The Vengaboys’ revival of Typically Tropical beats “Barbados” in significant ways just by switching locations. At a stroke the song is no longer two white sessionmen pretending to be a black British guy longing to go back “home” (at a time when the far-right would have been keen for him to do just that). Instead it’s just but a bunch of European partygoers wanting to go party. This doesn’t make “Ibiza” distinctive, let alone good, but at least it redeems the very obvious issues with its original. In Tumblr terms, the song is no longer problematic. It’s just somewhat rubbish.
But it’s a workable kind of rubbish, flatly performed with barely more craft than its dreadful cartoon video, but fit for what it’s made for. The thing I would never take away from Typically Tropical is that they wrote a really good novelty hit chorus – the “Whoa! We’re going to [x]” hook is brainless and infectious and, yes, properly captures the feeling of stupid glee as you hype yourself up for a holiday. You could sing it in a car, on a plane, in a Vengabus. And even if the verses are delivered with sweet vacuity, the Vengaboys can’t screw the chorus up. Just as in 1975, this is a classic summer holiday smash – heard in European discos, brought back home. It’s just that, sandwiched between two far more memorable examples, it seems a particularly pointless one.

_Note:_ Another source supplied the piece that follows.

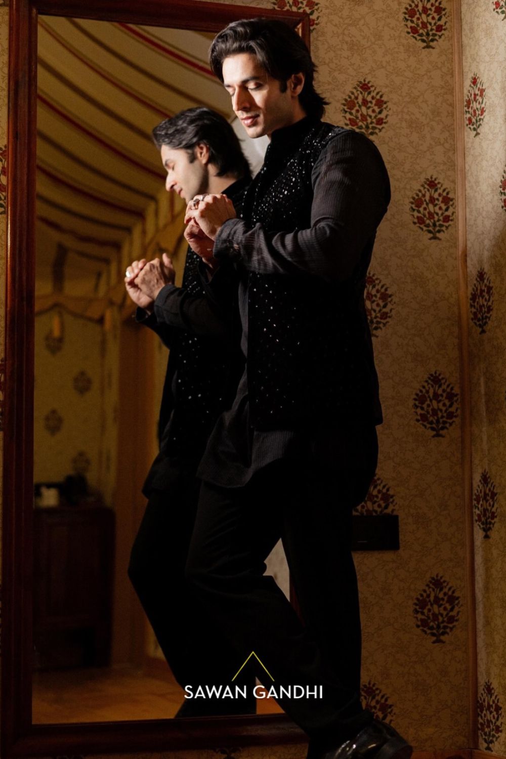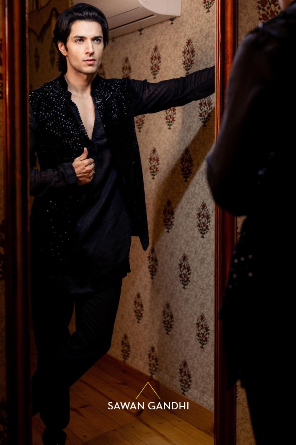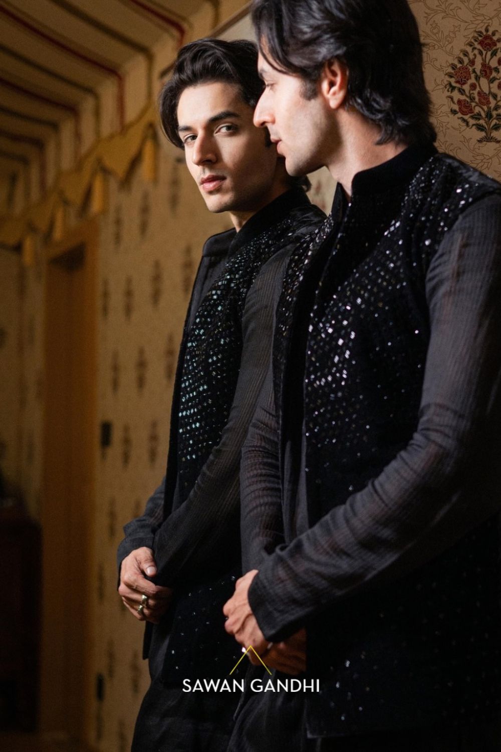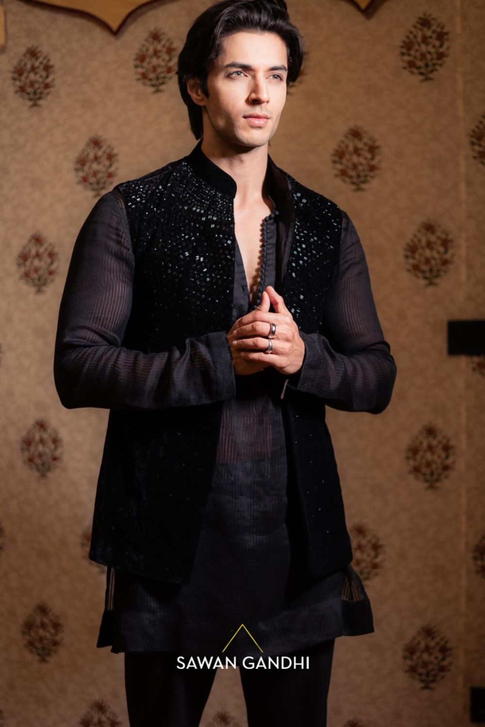 Black Velvet Nehru with scatter cutdana work paired with a ghiccha kurta and black pants

The Vengaboys are unlikely to have deliberately set forth as social justice crusaders on a righteous mission to subvert the cultural politics of 1975. Instead, the positive changes to the song follow smoothly and logically from its Venga-isation. What do we know about the Vengaboys? They like their vehicles, so “Venga Airways” is a fine escalation of the Vengabus – making the unchanged first line the best gag in the song. And they like to party, which gives us a destination, even if it isn’t one the band can pronounce. Though “Ee-bitser” surely is intentional – something for people to remember the record by.
Would the island have welcomed the Vengaboys? Perhaps not. But though Ibiza is up there with Hamburg as a place that tilted the axis of UK pop, by this time its role as the spiritual home of club music was fading. “We’re Going To Ibiza” is a cheap holiday in other people’s ecstasy: in the Vengaboys’ song Ibiza is what it always had been – a party island and nothing more.